The column 'waiting' corresponds to waiting times between eruptions.  For example, the time between the end of the first eruption (the first eruption lasted 3.6 minutes) and the beginning of the second eruption is 79 minutes. Below `waiting_times` is assigned to an array of 272 consecutive waiting times between eruptions, taken from a classic 1938 dataset.

In [None]:
waiting_times = old_faithful.column('waiting')
waiting_times

##### **Question 6.1. (3 pts)**  Assign the names `shortest`, `longest`, and `average` so that the `print` statement is correct. 

In [None]:
shortest = ...
longest = ...
average = ...

print("Old Faithful erupts every", shortest, "to", longest, "minutes and every", average, "minutes on average.")

In [None]:
grader.check("q61")

**Question 6.2. (2 pts)** Assign `biggest_decrease` to the biggest decrease in waiting time between two consecutive eruptions. For example, the third eruption occurred after 74 minutes and the fourth after 62 minutes, so the decrease in waiting time was 74 - 62 = 12 minutes.

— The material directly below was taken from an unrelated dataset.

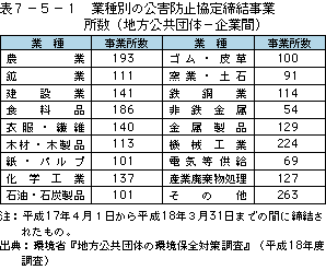 公害防止協定数は、約1,200件となっており、協定締結の事業所数を業種別に見ると表7-5-1のとおりとなっています。

*Hint*: We want to return the absolute value of the biggest decrease.

*Note*: `np.diff()` calculates the difference between subsequent values in an array. For example, calling `np.diff()` on the array `make_array(1, 8, 3, 5)` evaluates to `array([8 - 1, 3 - 8, 5 - 3])`, or `array([7, -5, 2])`.


In [None]:
# np.diff() calculates the difference between subsequent values in a NumPy array.
differences = np.diff(waiting_times)
biggest_decrease = ...
biggest_decrease

In [None]:
grader.check("q62")

**Question 6,3. (4 pts)** The `faithful_with_eruption_nums` table contains two columns: `eruption_number`, which represents the number of that eruption, and `waiting`, which represents the time spent waiting after that eruption. For example, take the first two rows of the table:

| eruption number | waiting |
|-----------------|---------|
| 1               | 79      |
| 2               | 54      |

We can read this as follows: after the first eruption, we waited 79 minutes for the second eruption. Then, after the second eruption, we waited 54 minutes for the third eruption.  So we waited a total of 133 minutes between the first and the third eruptions.  

Suppose Oscar and Wendy started watching Old Faithful at the start of the first eruption. Assume that they watch until the end of the tenth eruption. For some of that time they will be watching eruptions, and for the rest of the time they will be waiting for Old Faithful to erupt. How many minutes will they spend waiting for eruptions? 

*Hint #1:* You can start by using the `take` method on the table `faithful_with_eruption_nums`. 

*Hint #2:* `first_nine_waiting_times` must be an array.


In [None]:
faithful = old_faithful.drop("eruptions")
faithful_with_eruption_nums = faithful.with_column("eruption number", np.arange(faithful.num_rows) + 1).select(1, 0)
faithful_with_eruption_nums

In [None]:
first_nine_waiting_times = ...
total_waiting_time_until_tenth = ...
total_waiting_time_until_tenth

In [None]:
grader.check("q63")

---

To double-check your work, the cell below will rerun all of the autograder tests.

In [None]:
grader.check_all()

## 7. Save, Download, and Submit

Good job!  You've completed Homework 2!

Please save your notebook, download a pdf version of the notebook, and submit it to Gradescope (see instructions in Homework 1).